In the approach described in the paper a lot of different radios are used.
And as the result, there are the same number of the histogram.
The name of the approach is Multiscale curvature measures.
All the histograms are gathered together and result is presented on the slide.
Radios is increasing from red diagram to the blue. And on the image the changing in values can be seen.
The result is the HoCS feature, which is used to describe the specific shape of a leaf.
The HoCS method has a lot of advantages. The main are:
- Fast
- Invariant to rotation
- Not requiring alignment
- Insensitive to small segmentation and discretization errors
- Independent of the topological complexity
When the HoCS feature is extracted, comparison (or identification) have to be done. For the purpose the nearest neighbors search is used.

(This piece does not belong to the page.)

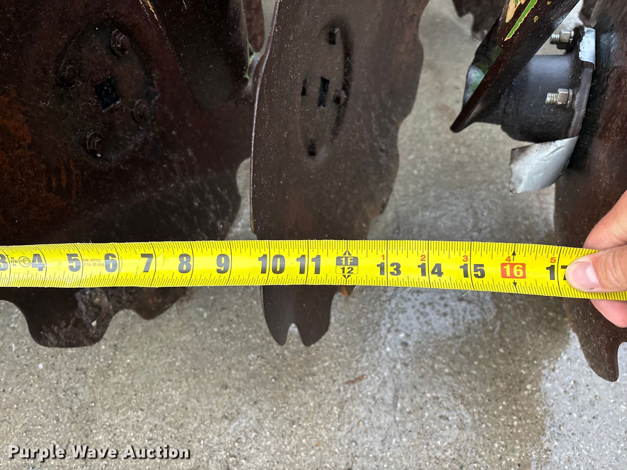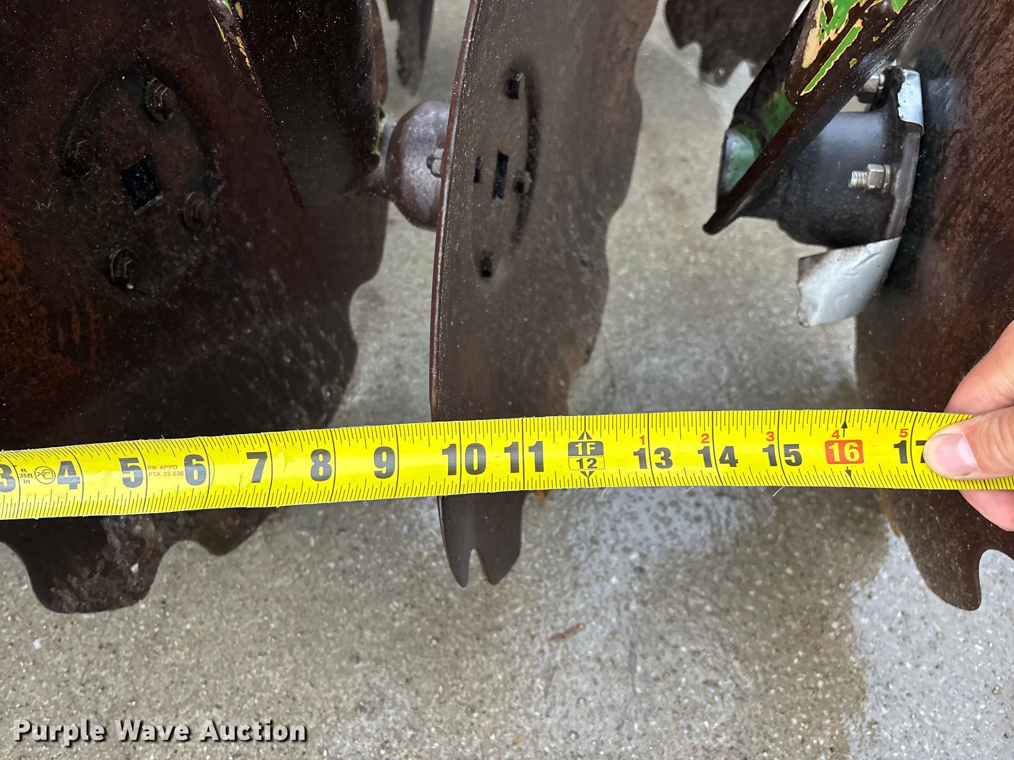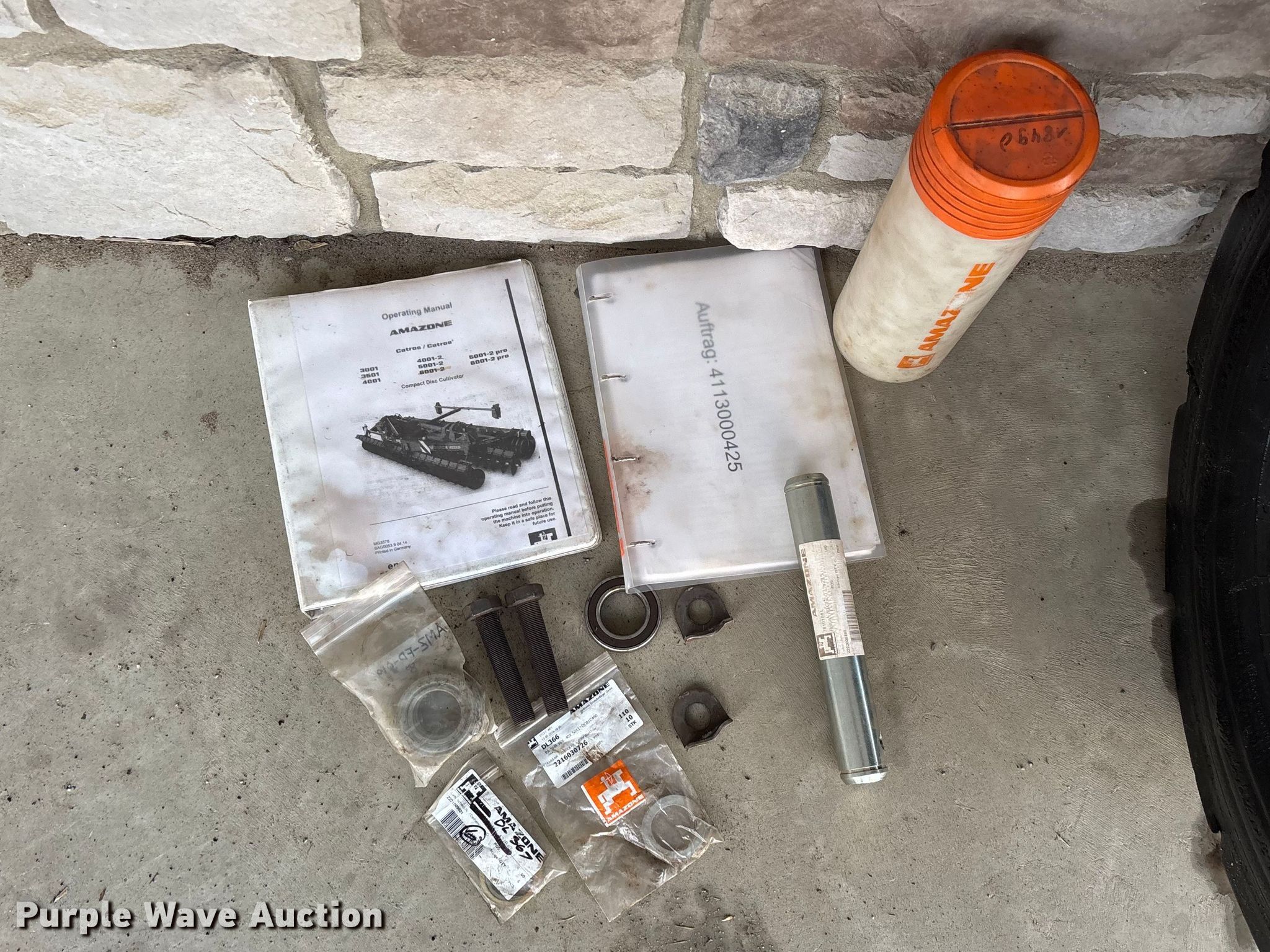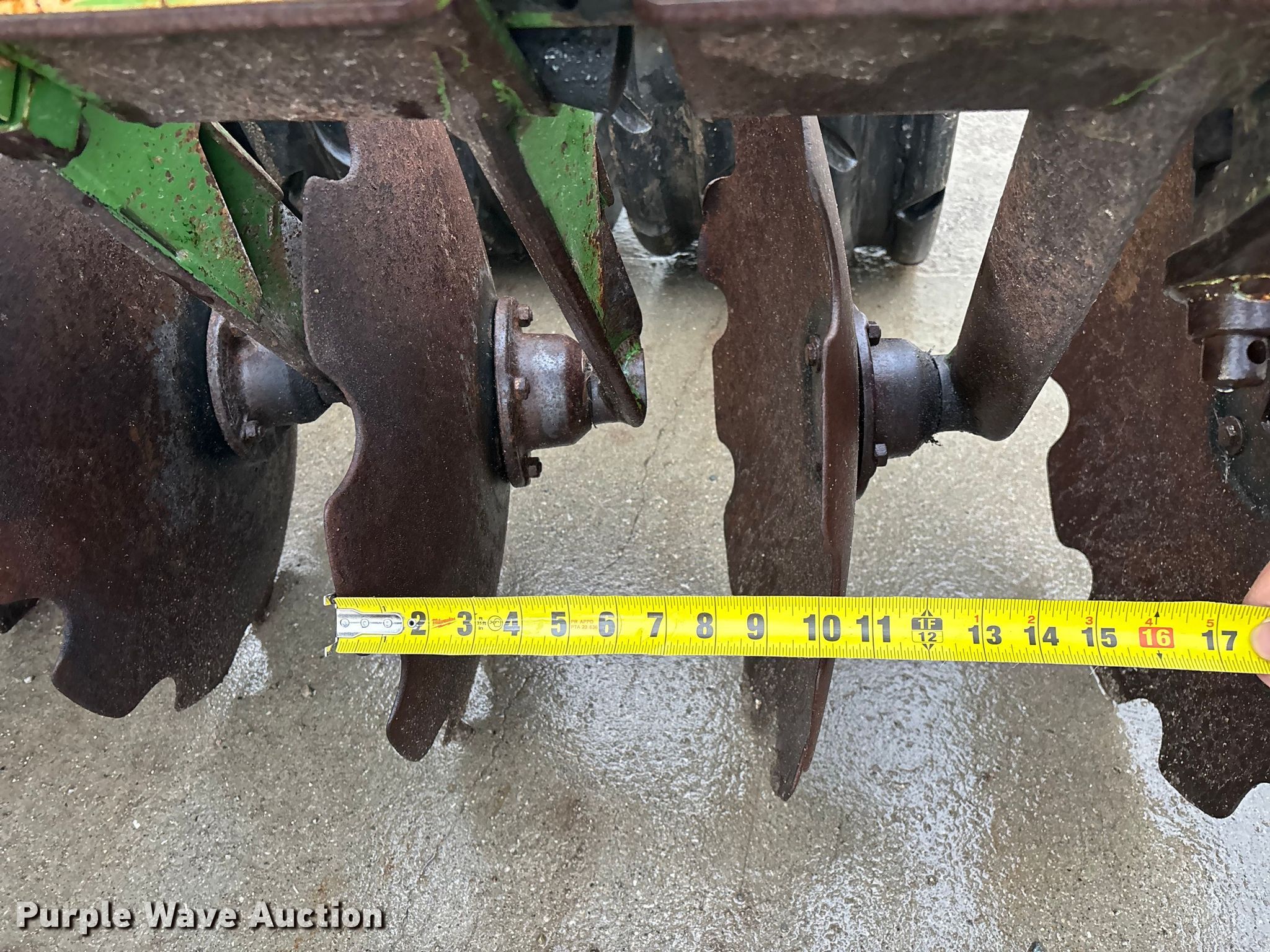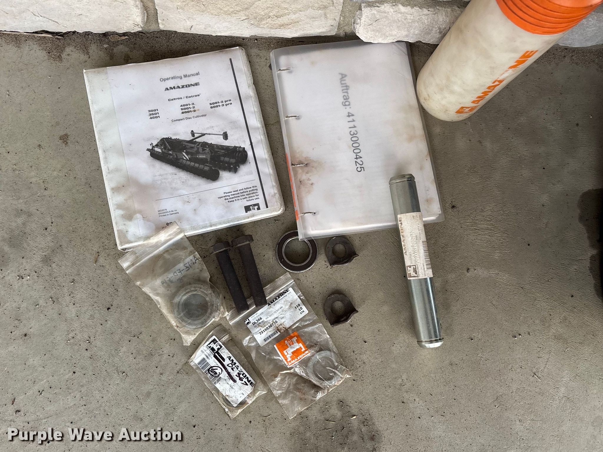Amazone Catros 7501-2T disk. Overall width: 24' 6", Serial: CAT0018490. Features Front blades Diameter: 22", Spacing: 10", Rear blades Diameter: 22", Spacing: 10", Operation Hydraulic lift, Hydraulic fold, Leveler: Hydraulic, Attachments Transport lights. Tires Tire size: 400/50-15.5 IMP. Notes Trailer not included, Transport light damaged. Van Dyk Farms. Imlay City, MI 48444

Database consist of 23,915 lab images and 5,129 mobile phone images.
The difficult in the comparison small inter-species variation against the large intra-species.
On the slide the different leaves of the same plant (Broussonettia papyrifera) are presented as an example.
The histograms are normalized and compared using the formula (on the slide).
B is the bin of the histogram (21 bins per scale of 525 values), N - feature dimensionality (25 scales).
Then the result of the comparison is put into increasing order.
The search takes only 0,31 seconds. And top 25 results are be presented to the user.
To talk about an accuracy of the recognition, the resulted graph is presented.
The first match in the rank is right in 69% of the cases,
And in 93% of the cases user can find the right result in the top 5 matches.
The recognition system can be extended in different aspects, applying for the other objects.
The application can be used in education system, to study botanic for instance.
The application widen its identification area from America to the other continents.